### WHAT IS NEEDED
Write out exactly the lines of the entries below from the one holding "而如果要让观众在叶凌霜的夜北" to the one holding "В октябре 2024", inclusive, and leave out all other lines.

### DATA FOR PROCESSING
● ● ●
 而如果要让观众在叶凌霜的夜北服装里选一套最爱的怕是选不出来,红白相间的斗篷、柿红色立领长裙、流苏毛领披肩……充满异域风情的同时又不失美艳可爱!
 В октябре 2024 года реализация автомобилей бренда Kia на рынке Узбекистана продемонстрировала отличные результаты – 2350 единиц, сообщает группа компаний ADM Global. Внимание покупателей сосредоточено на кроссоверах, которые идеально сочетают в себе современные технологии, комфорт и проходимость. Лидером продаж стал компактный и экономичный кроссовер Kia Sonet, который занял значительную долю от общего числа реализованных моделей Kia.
● ● ●
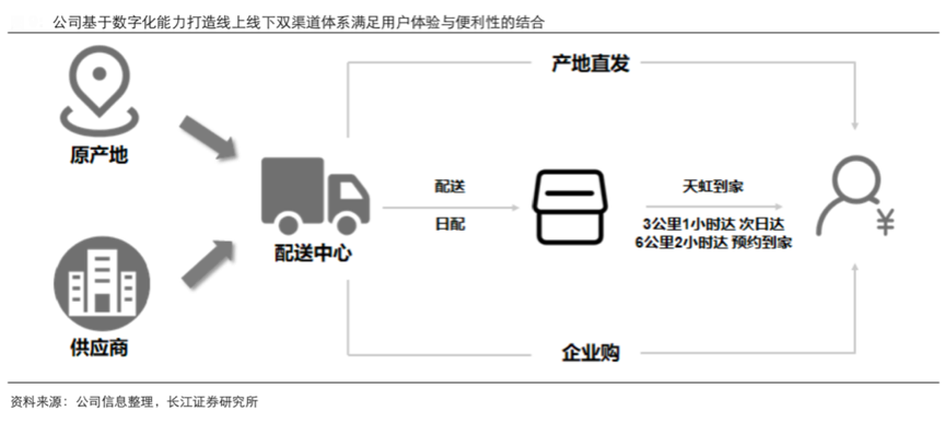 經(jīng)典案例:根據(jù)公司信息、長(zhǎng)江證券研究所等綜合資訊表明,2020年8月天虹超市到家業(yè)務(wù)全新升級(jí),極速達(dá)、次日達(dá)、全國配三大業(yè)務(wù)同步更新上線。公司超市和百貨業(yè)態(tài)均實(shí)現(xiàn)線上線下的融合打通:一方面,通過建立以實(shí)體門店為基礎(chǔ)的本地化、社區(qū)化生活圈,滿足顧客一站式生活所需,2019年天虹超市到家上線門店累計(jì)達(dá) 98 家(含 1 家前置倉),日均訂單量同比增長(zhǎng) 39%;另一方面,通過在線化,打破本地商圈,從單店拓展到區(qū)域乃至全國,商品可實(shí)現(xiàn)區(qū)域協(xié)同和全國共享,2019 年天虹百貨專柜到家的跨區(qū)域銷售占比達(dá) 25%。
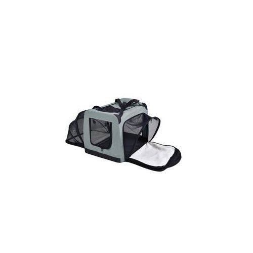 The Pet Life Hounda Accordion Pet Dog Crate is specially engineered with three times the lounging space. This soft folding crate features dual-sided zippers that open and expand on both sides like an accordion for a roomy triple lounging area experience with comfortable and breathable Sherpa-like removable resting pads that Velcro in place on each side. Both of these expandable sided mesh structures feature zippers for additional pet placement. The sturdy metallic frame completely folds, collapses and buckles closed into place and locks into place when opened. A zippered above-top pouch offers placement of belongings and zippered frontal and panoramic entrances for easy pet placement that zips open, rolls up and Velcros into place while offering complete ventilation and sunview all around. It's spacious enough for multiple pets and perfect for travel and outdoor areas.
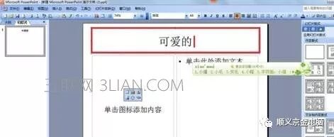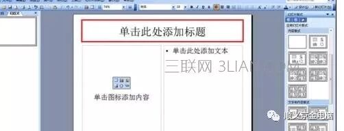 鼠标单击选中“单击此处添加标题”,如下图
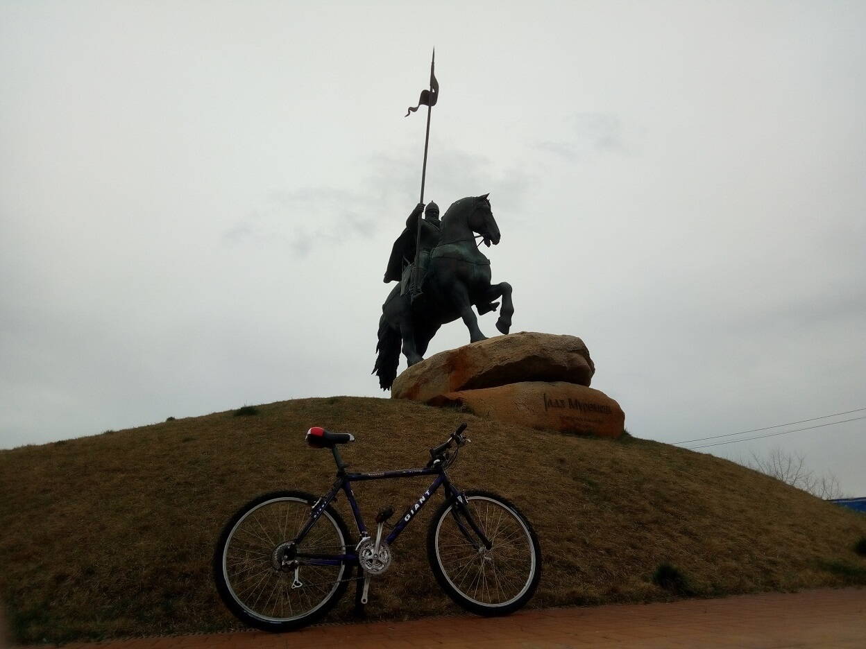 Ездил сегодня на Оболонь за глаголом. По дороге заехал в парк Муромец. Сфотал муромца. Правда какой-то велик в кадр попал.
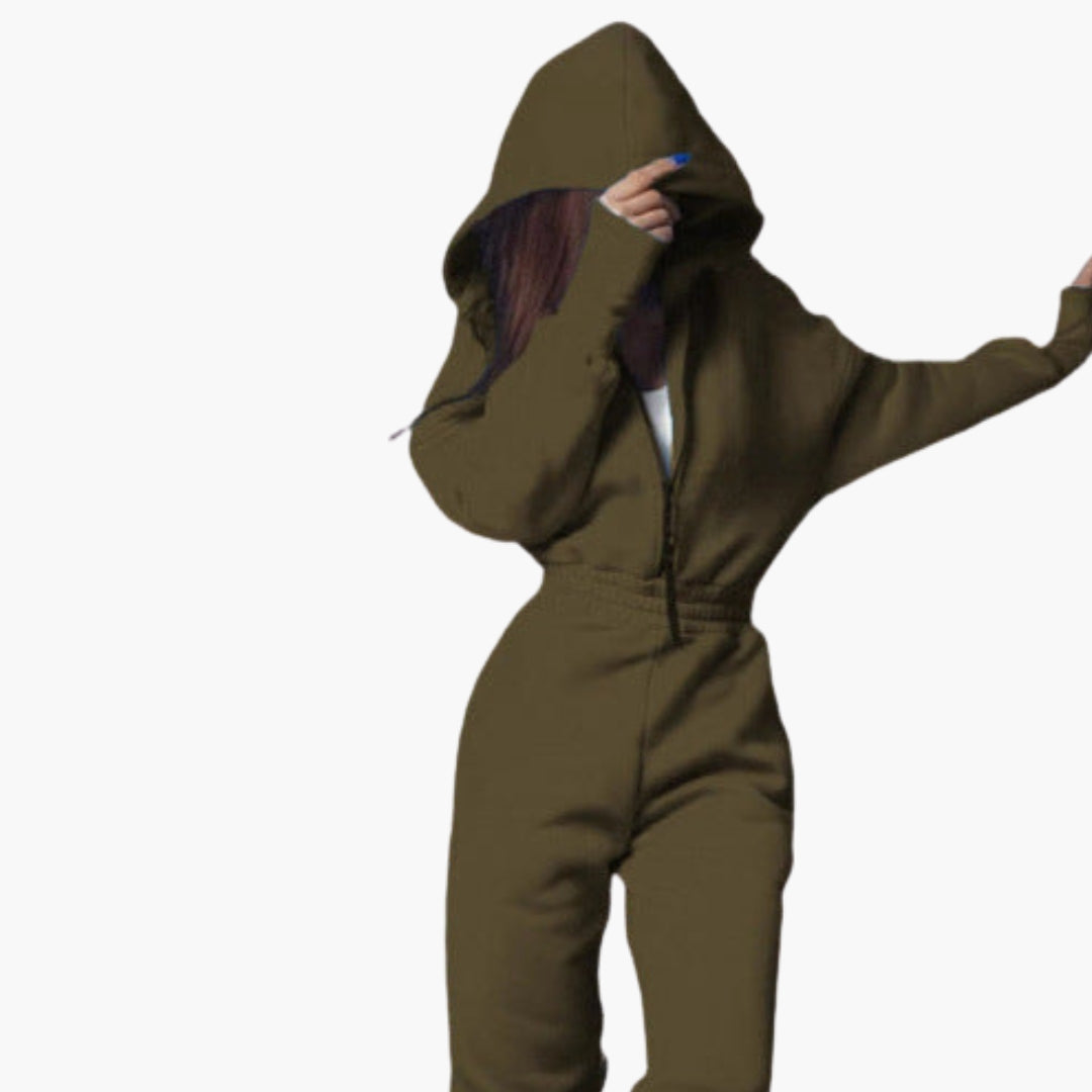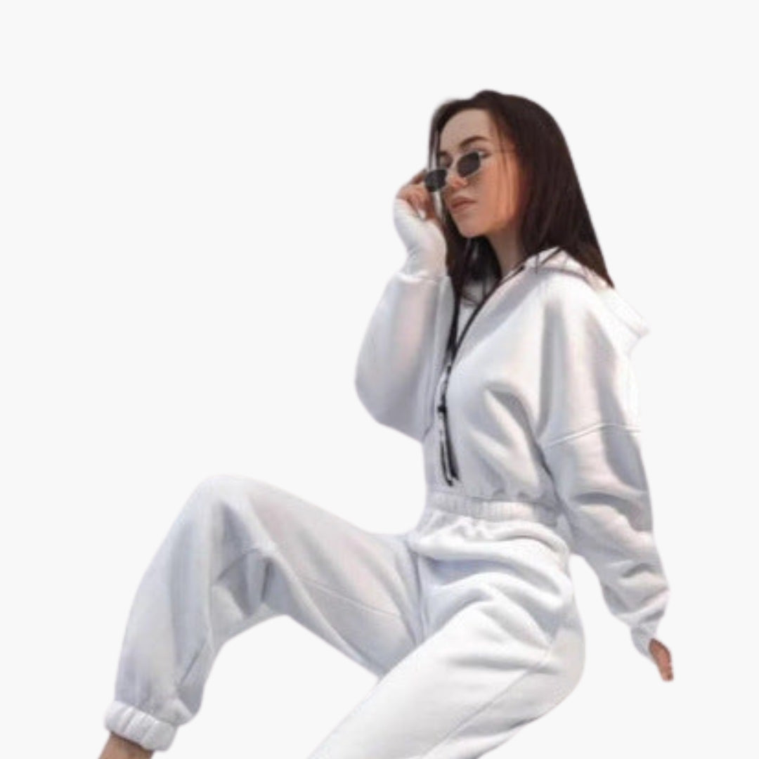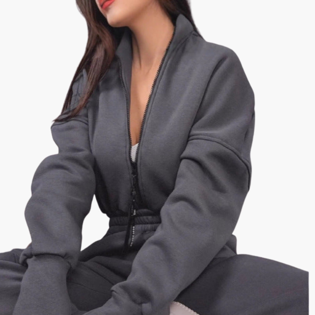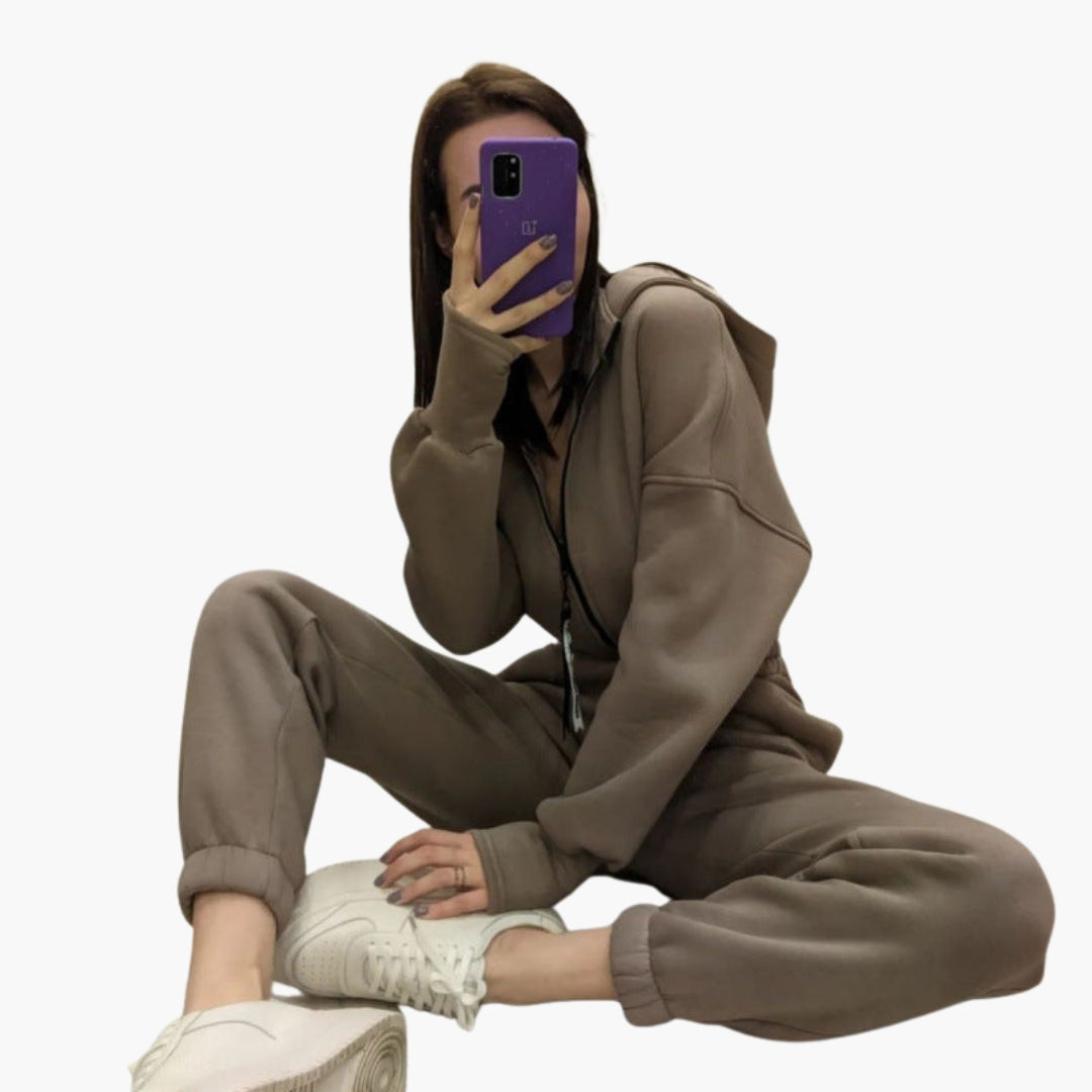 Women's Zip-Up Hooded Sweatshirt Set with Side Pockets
● ● ●
### FINISHED EXERCISE
 而如果要让观众在叶凌霜的夜北服装里选一套最爱的怕是选不出来,红白相间的斗篷、柿红色立领长裙、流苏毛领披肩……充满异域风情的同时又不失美艳可爱!
 В октябре 2024 года реализация автомобилей бренда Kia на рынке Узбекистана продемонстрировала отличные результаты – 2350 единиц, сообщает группа компаний ADM Global. Внимание покупателей сосредоточено на кроссоверах, которые идеально сочетают в себе современные технологии, комфорт и проходимость. Лидером продаж стал компактный и экономичный кроссовер Kia Sonet, который занял значительную долю от общего числа реализованных моделей Kia.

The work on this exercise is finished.